> **Material for this exercise**:
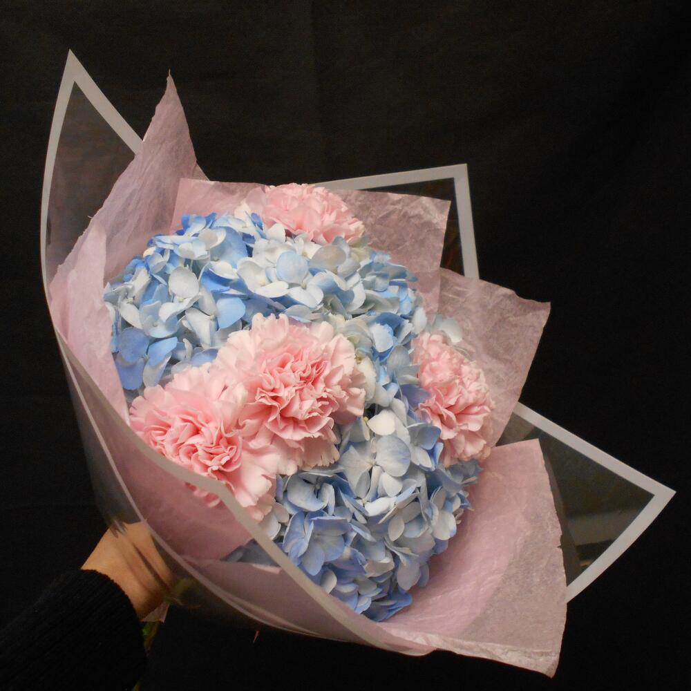 Прекрасный выборСвежие нежно розовые гвоздики с голубыми гортензиями .Идеальный букет, чтобы чей-то день стал особенным.Дарите радость и счастье своим любимым и близким людямВ подарок к каждому заказу :- Средство для продления жизни цветов- Подпишем карточку с Вашими пожеланиями
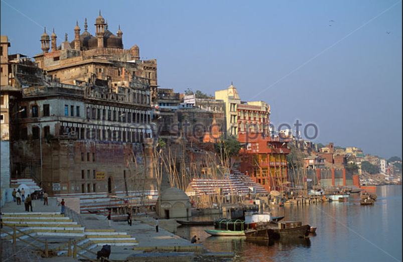 مسجد اورنگ زیب در این تصویر دیده می شود - ساحل رود گنگ در بنارس
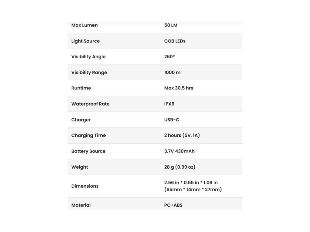 - Výkon 50 lm – jasné červené světlo viditelné až na vzdálenost 1 km.
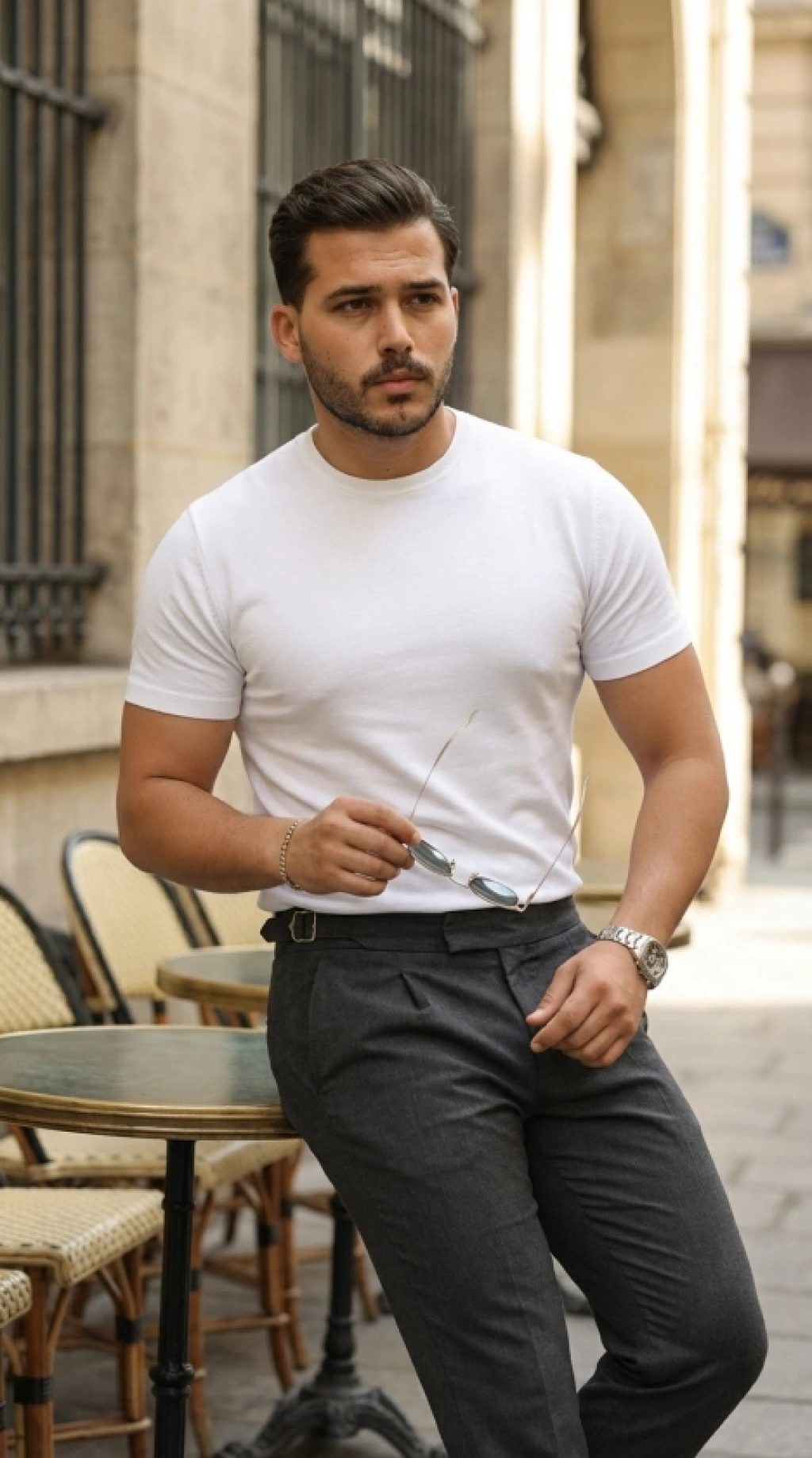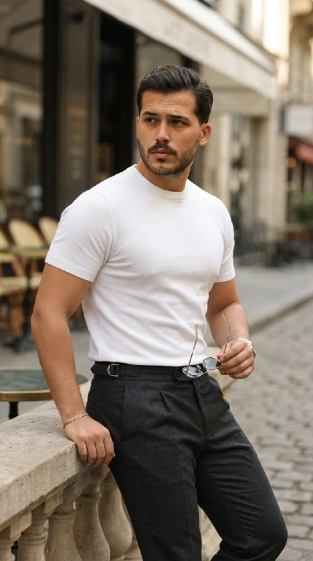 MARSiLYAN- Erkek Basic Bisiklet Yaka Kısa Kollu Triko Tişört - %100 Pamuk Akrilik
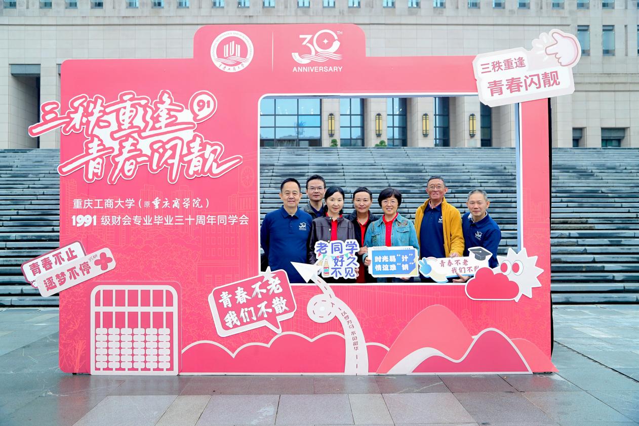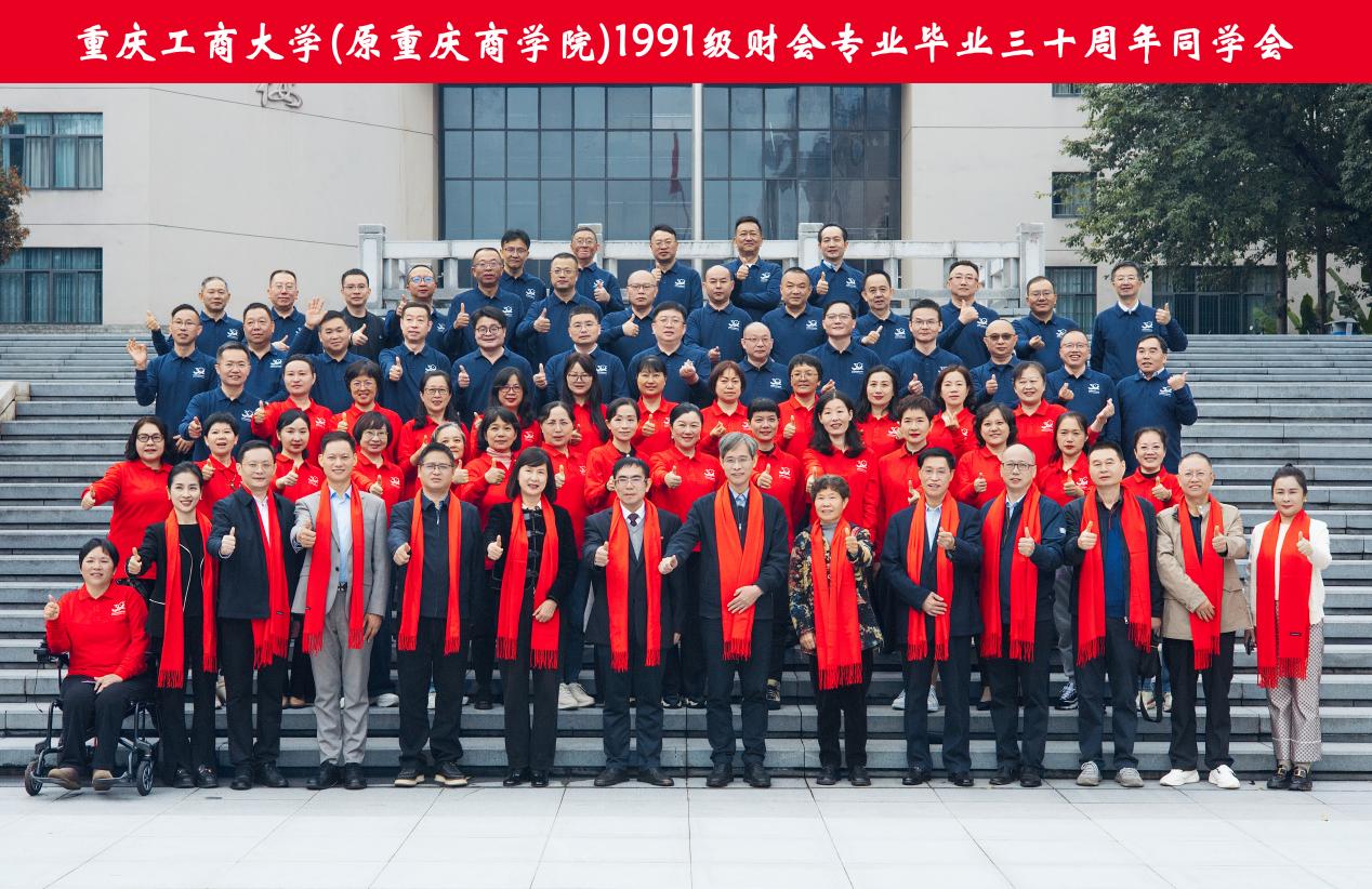 金秋的校园,丹桂飘香,风和日丽。10月25日,会计学院曾荣获“全国先进班集体标兵”称号的1991级财会专业学子毕业30周年秩年返校活动在南岸校区举行。阔别三十载的校友们从祖国的四面八方重聚校园,共忆青春岁月,共叙师生情谊,共话母校发展。bat365中文官方网站党委常委、副校长田双全,原bat365中文官方网站校长孙芳城,原bat365中文官方网站副校长陈兴述,重庆财经职业学院党委书记罗勇,学校校友工作办公室主任郭敏,会计学院党委书记邓德敏,会计学院院长钟廷勇,学校校友工作办公室副主任顾飞,原1991级财会专业辅导员杨志君,曾经的任课教师代表章新蓉、李定清、莫云以及1991级财会专业60余名校友等参加活动。
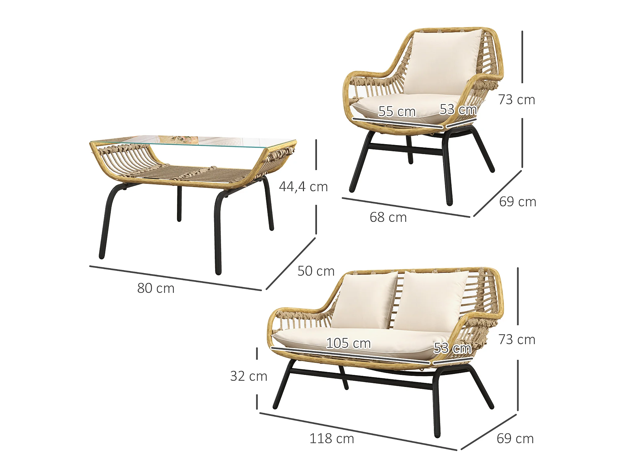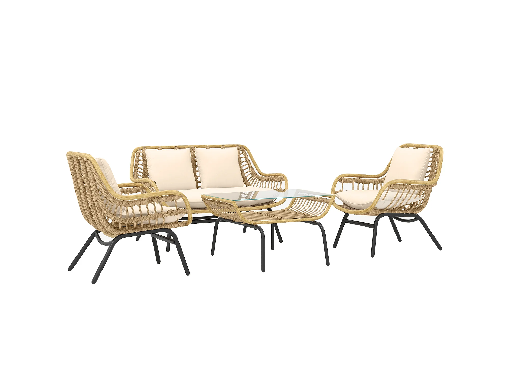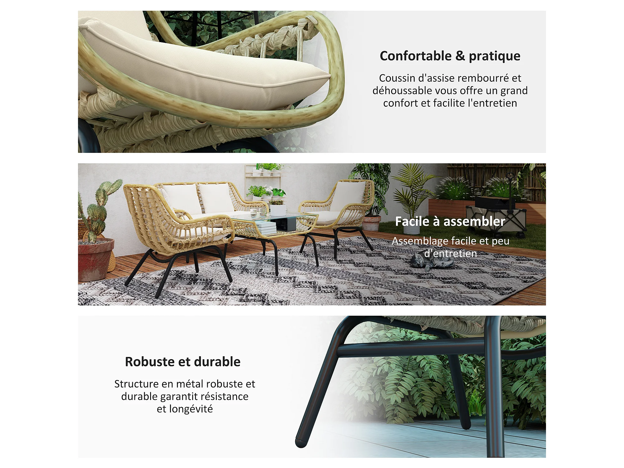 Salon de jardin 4 places – Style exotique – Coussins inclus

> **Problem details**:
Return the full listing above exactly as written, and omit the pictures.

> **Answer box**:
 Прекрасный выборСвежие нежно розовые гвоздики с голубыми гортензиями .Идеальный букет, чтобы чей-то день стал особенным.Дарите радость и счастье своим любимым и близким людямВ подарок к каждому заказу :- Средство для продления жизни цветов- Подпишем карточку с Вашими пожеланиями
 مسجد اورنگ زیب در این تصویر دیده می شود - ساحل رود گنگ در بنارس
 - Výkon 50 lm – jasné červené světlo viditelné až na vzdálenost 1 km.
 MARSiLYAN- Erkek Basic Bisiklet Yaka Kısa Kollu Triko Tişört - %100 Pamuk Akrilik
 金秋的校园,丹桂飘香,风和日丽。10月25日,会计学院曾荣获“全国先进班集体标兵”称号的1991级财会专业学子毕业30周年秩年返校活动在南岸校区举行。阔别三十载的校友们从祖国的四面八方重聚校园,共忆青春岁月,共叙师生情谊,共话母校发展。bat365中文官方网站党委常委、副校长田双全,原bat365中文官方网站校长孙芳城,原bat365中文官方网站副校长陈兴述,重庆财经职业学院党委书记罗勇,学校校友工作办公室主任郭敏,会计学院党委书记邓德敏,会计学院院长钟廷勇,学校校友工作办公室副主任顾飞,原1991级财会专业辅导员杨志君,曾经的任课教师代表章新蓉、李定清、莫云以及1991级财会专业60余名校友等参加活动。
 Salon de jardin 4 places – Style exotique – Coussins inclus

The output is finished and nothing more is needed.